Nulla di buono neanche dalla Corea del Nord, che in una settimana ha effettuato un test missilistico (fallito), espulso gli ispettori delle Nazioni Unite, abbandonato i colloqui a sei e minacciato di riaccendere i reattori e proseguire nel programma nucleare, a dimostrazione di quanto fosse propagandistico il successo diplomatico sbandierato in "zona Cesarini" dall'amministrazione Bush. E' fin troppo evidente che il regime di Pyongyang è attratto dalla prospettiva di lucrare dalla nuova stagione di dialogo a 360° inaugurata dalla presidenza Obama. Spera di ricominciare con il solito tira e molla, ottenendo ulteriori concessioni. E, magari, di seguire l'esempio iraniano, costringendo Washington a colloqui diretti senza precondizioni.
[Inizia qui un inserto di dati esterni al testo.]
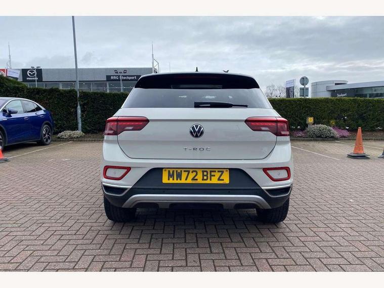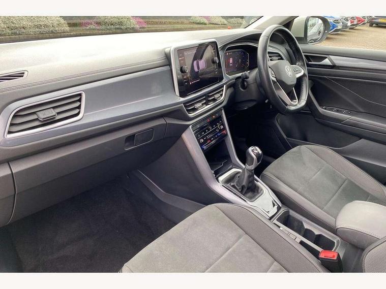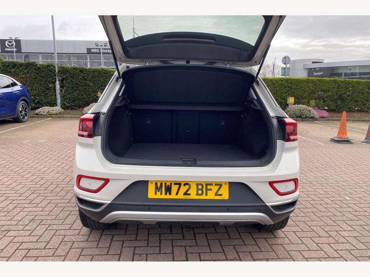 10.25" Digital cockpit pro, Bluetooth mobile phone interface, Driver alert system with fatigue detection, Driver tips and journey analysis, Emergency call service, Lane keeping system Lane Assist, Modified key software - reduce switch off time for key status change to Long no motion, Online services, Park assist including front and rear parking sensors, Service interval indicator, Tailgate/trunk lid release from outside, Think blue trainer driver tips and journey analysis, Warning sound and light for front seatbelts unfastened, Wireless app connect, Battery regeneration during braking, Start/stop function with battery regeneration, Diversity antenna for FM reception, Front and rear 6 speakers, Music playback - MP3, WMA and AAC files, Premium USB cable in choice of either Apple or Android smartphone compatibility, SD card slot, Simultaneous pairing of 2 compatible mobile devices, Title and cover art display, We Connect and We Connect Plus functionality, 3rd brake light, Auto dimming interior rear view mirror, Automatic hazard lights activation under emergency braking, Automatic headlight control with LED separate daytime running lights with coming/leaving home function, Body colour sports bumpers with silver metallic underbody fascia, Dynamic headlight range control with self adjusting whilst driving, Extended roof spoiler, Exterior mirrors aspherical on driver side, convex on front passenger side, External USB type C socket and charging sockets, Front windscreen wiper with intermittent wipe and 4 position delay, Heated rear window, LED Plus headlamps, LED rear combination lamps, LED rear number plate lights, LED tail lamp rear comination lamps, Light mode for poor weather, rain, fog or snow, Power windows with comfort operation and circuit breaker, Rain sensor, Rear exhaust tailpipe, Rear fog light on one side and reversing lights on both sides, Rear side wing doors, Rear wash/wipe with intermittent wipe setting, Remote electrically foldable door mirrors, puddle lights and reverse activated passenger's door mirror, 12V power socket in centre console, 3 rear head restraints, 3 seat bench in 2nd row, 4 load lashing points in luggage compartment, Air care climatronic air conditoning system with active combination filter and 2-zone temperature control, Chrome plated radiator grille inserts, air vent surrounds and light switch surrounds, Door and side trim panel with leatherette insert, Drawer under drivers seat, Front + rear carpet mats, Front centre armrest, Front comfort sports seats, Front cupholders x 2, Front footwell illumination, Instrument lighting, white adjustable panel illumination, Interior ambient lighting and surround lighting, Interior light delay, Isofix child seat preparation, Leather gearshift handle, LED interior light with switch off delay/dimmer and 2 front/rear LED reading lights, Load-through provision with cup holder when folded down ('Unsplit rear seat bench, split folding backrest, with centre armrest), Luggage compartment lighting, Non-folding front passenger seat backrest, Single front passenger seat, Storage compartment in left and right luggage area, Storage compartment in rear doors, Storage compartments in driver and front passenger doors, Sunvisors with illuminated vanity mirrors, Variable boot floor, height adjustable and removable, Driver assistance pack without proactive passenger protection - T-Roc, 3 point height adj front seatbelts + pretensioners, 3 point seatbelts in outer rear with ECE label, ABS, Child locks on rear doors, Driver and front passenger airbag with front passenger airbag deactivation, Driver and front passenger safety-optimised head restraints, Drivers seatbelt reminder, Electronic parking brake, Electronic Stability Control (ESC) inc EDL (Electronic Differential Lock) and ASR (Traction Control), Front and rear passengers curtain airbag system including front side airbags, Front assist with city emergency braking and pedestrian monitoring, Front seat side impact airbags, Predictive pedestrian protection, Rear disc brakes, Single tone horn, Tyre pressure loss indicator, Volkswagen roadside assistance, Alarm with interior protection, Anti-theft alarm system with interior monitoring, backup horn, and towing protection, Remote central locking with SAFELOCK, radio remote control with 2 remote control folding keys, Trims for alloy wheels,

Non meno gravi gli ultimi sviluppi in Afghanistan e Pakistan, dove la situazione sembra precipitare di giorno in giorno. Riguardo l'Afghanistan, Obama sembra aver capito che esiste un problema strettamente militare: la quantità di truppe impegnate sul terreno. Prosegue, però, la progressiva perdita di controllo del Pakistan. Un processo a dire il vero iniziato già con la precedente amministrazione, ma che pare accentuarsi con Obama, che mostra molte incertezze e nessuna strategia. Il fatto che il presidente pachistano Zardari abbia addirittura concesso l'introduzione della sharia in una zona del paese, lo Swat, per venire a patti con i talebani pakistani è davvero inquietante. In pratica una cessione di sovranità ai talebani dalle conseguenze potenzialmente disastrose per la stabilità del paese.

Sulle differenze tra Bush e Obama in politica estera avremo modo di tornare.

In questo scenario a tinte fosche, l'unica nota positiva potrebbe paradossalmente giungere da un'altra dittatura, quella cinese, che in questa fase sembra se non altro muoversi con un certo pragmatismo. La leadership di Pechino dimostra di saper trattare i suoi interessi con realismo. E' nazionalista, ma almeno il potere non sembra in mano a una setta di fanatici. Fa ben sperare la pubblicazione del primo "Piano di azione nazionale per i diritti umani in Cina", che indica gli obiettivi del prossimo biennio: una maggiore tutela fisica e morale dei detenuti. Il che vorrebbe dire bandire la tortura. Nel piano si afferma il diritto dei detenuti a presentare proteste scritte e a denunciare abusi. Viene ribadito il loro diritto a incontrarsi e a comunicare con l'avvocato, e il diritto del legale a poter svolgere nel miglior modo la difesa.

Pieno di omissioni e ambiguità; operazione d'immagine, sul piano sia internazionale che interno; e sappiamo che in gran parte resterà lettera morta. Ma quanto meno - osservano molti - è importante la sola ammissione, per la prima volta, che ci sono diritti umani fondamentali diversi dal diritto del popolo alla sussistenza, in nome del quale Pechino ha sempre giustificato i suoi più orrendi crimini.